The ultrasonic transmitting crystal is indicated by reference number 73. In the preferred embodiment this crystal is selected for a frequency of approximately 40 khz. One terminal of the crystal connects to signal ground by lead 74, and the other terminal connects by lead 75 to a pair of transmission gate switches 76 and 77. The other side of switch 76 connects to the battery supply voltage plus v, and the other side of switch 77 is connected to signal ground. Switches 76 and 77 are toggeled alternately by the Q and Q outputs of flip flop 70 as it responds to the pulses at its clock input. A branch of lead 82 connects to the D input of flip flop 70.
A reset line 83 for divider-counters 60 and 63 is provided, and this lead connects to terminal 84 of the connector socket. A load resistor 85 connects from a reset line to signal ground. The reset line is used for programming.
In operation, the frequencies at leads 61 and 62 derived from the output of oscillator 57 are used to provide a gating signal for transmission of the ultrasonic carrier. Specifically, a signal as identified by waveform 90 is provided at the input to flip flop 66, having a period of two seconds. The 8 hz signal at lead 62 is used to reset flip flop 66 following setting thereof by waveform 90 at the start of each two second period. The resetting of the flip flop by the 8 hz signal on lead 62 provides a gating signal of approximately 63 msec at a two-second repetition rate, as indicated by waveform 91.
During the 63 msec period flip flop 70 is enabled and the 80.4 khz signal at lead 72 causes flip flop 70 to continuously toggle for the duration of the 63 msec period. Toggling of the flip flop cause alternate actuation of transmission gate switches 76 and 77 to alternately connect lead 75 to ground and to the plus v battery voltage. The result is to cause transmission crystal 73 to emit a 40.2 khz burst of energy lasting approximately 63 msec, with the bursts being repeated at two-second intervals. The purpose of reset line 83 is to program the transmitter unit as will be explained further with reference to the other figures.
FIG. 3 shows a receiver for installation in a room. Reference number 100 indicates the ultrasonic receiving crystal. Crystal 100 connects to signal ground lead 101, and connects by lead 102 to a preamplifier 103. Preamplifier 103 is preferably of a high input impedance design employing field effect transitors, as is generally known in the art. Preamplifier 103 connects to a further signal amplifier 104 and the output of this amplifier connects to a coupling capacitor 105 to the signal detection circuitry.
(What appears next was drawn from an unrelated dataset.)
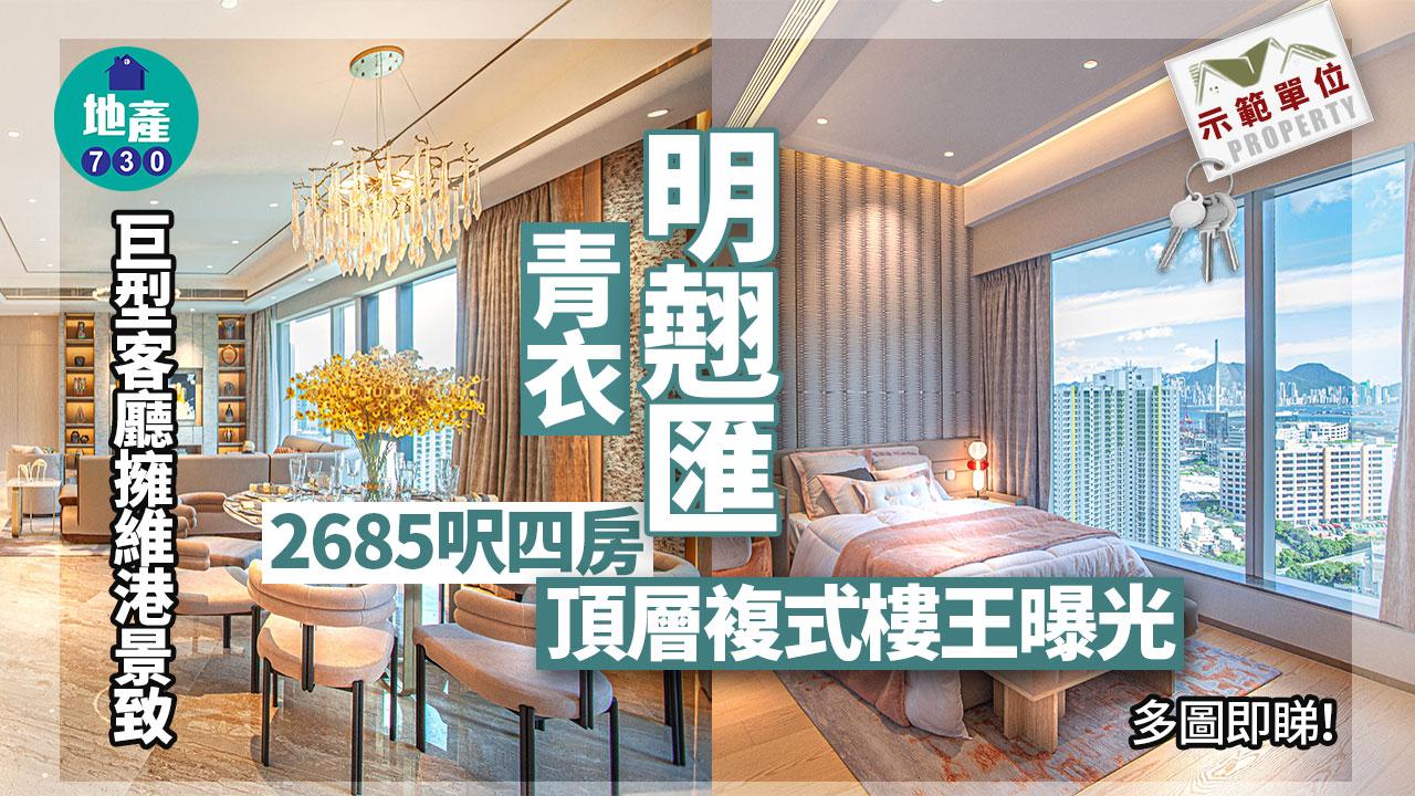 明翹匯示範單位|2685呎四房頂層複式樓王曝光 巨型客廳擁維港景致(多圖)|青衣新盤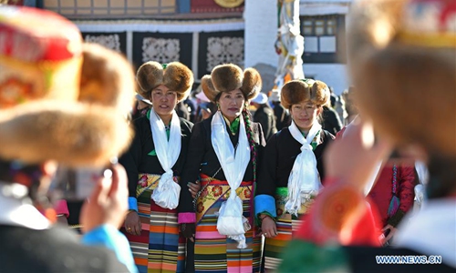 Women of the Tibetan ethnic group celebrate the Fairy's Day on the Barkhor Street in Lhasa, capital of southwest China's Tibet Autonomous Region, Dec. 10, 2019. The Fairy's Day, known as the "Women's Festival" in modern Tibet, is celebrated on the 15th day of the 10th month in the Tibetan calendar. The festival is to commemorate Buddha Aleanterre Brahm. During the Fairy's Day celebration, women are dressed in their most beautiful clothes and go to temples to present the traditional ceremonial scarf "Hada" to their honorable goddess and make wishes. In Lhasa, people flood the Barkhor Street around the ancient Jokhang Temple. Girls and women decorate themselves elaborately. In addition to religious activities, they also enjoy the festival by going shopping and having magnificent food. Believers from all over Tibet would gather at the Jokhang Temple, where they burn aromatic plants and pray. (Xinhua/Li Xin)

In the preferred embodiment signal detection is performed by a phase locked loop, which includes phase detector 106 and voltage controlled oscillator 107. These components are interconnected by lead 111 and resistor 112 as is generally known and a capacitor 113 and potentiometer 114 are provided for adjusting the lock frequency of the loop. Pulse outputs of detector 106 are applied to a NOR gate.
The output NOR 115 connects via capacitor 116 to signal ground and via resistor 117 to the input of a retriggerable one shot 120 and the output of this circuit connects to the input of one shot 121. The output of this circuit connects through inverter 122 to lead 123.
In operation, the receiver and detector circuitry function to provide an output waveform 92 on lead 123 in response to the receipt of the transmitted burst from a transmitter unit. For purposes of noise rejection, crystal 100 is selected for resonance at 41.5 khz, while the frequency transmitted by the portable units is slightly different, at 40.2 khz. The lock frequency for the phase locked loop is adjusted for 40 khz plus or minus 500 hz. Acoustic noises occurring in the room may excite the resonant frequency of crystal 100, but since this frequency is outside the lock frequency these signals will be rejected. However, the ultrasonic carrier frequency signals will excite crystal 100 to provide a workable signal which is amplified in amplifiers 103 and 104 and delivered to the phase detector. When no signal or a signal outside the lock range is received by the phase detector, a series of pulses are provided to gate 115 which causes continuous retriggering of one shot 120. When a carrier frequency is received the output of gate 115 goes to ground, and if this condition persists for the 10 msec period of one shot 120, it will time out and energize one shot 121 which provides, through inverter 122, the output waveform 92 having a duration of approximately 80 msec. The use of two one shots effectively filters out extra pulses that might pass from detector 106 through gate 115 to one shot 120 due to momentary loss of detection of the carrier signal during a transmission burst. This can occur, for example, due to poor acoustic coupling within the room, or due to reflections or cancellation within the room. The effects can obviously vary as the person moves in the room.
The various leads 123 from the various room receivers are connected by cable to the decoding circuits of FIG. 4. The room inputs are designated R1, R2, R3 . . . R10, R11, R12 . . . , it being understood that the number of room inputs would correspond to the number of room receiver units. Specifically, lead 123 of FIG. 3 for the receiver in room 1 would connect to input R1 of FIG. 4. Similarly, lead 123 from the receiver in room 10 would connect to the R10 input, and so on. Only a few of the inputs have been shown for clarity of illustration.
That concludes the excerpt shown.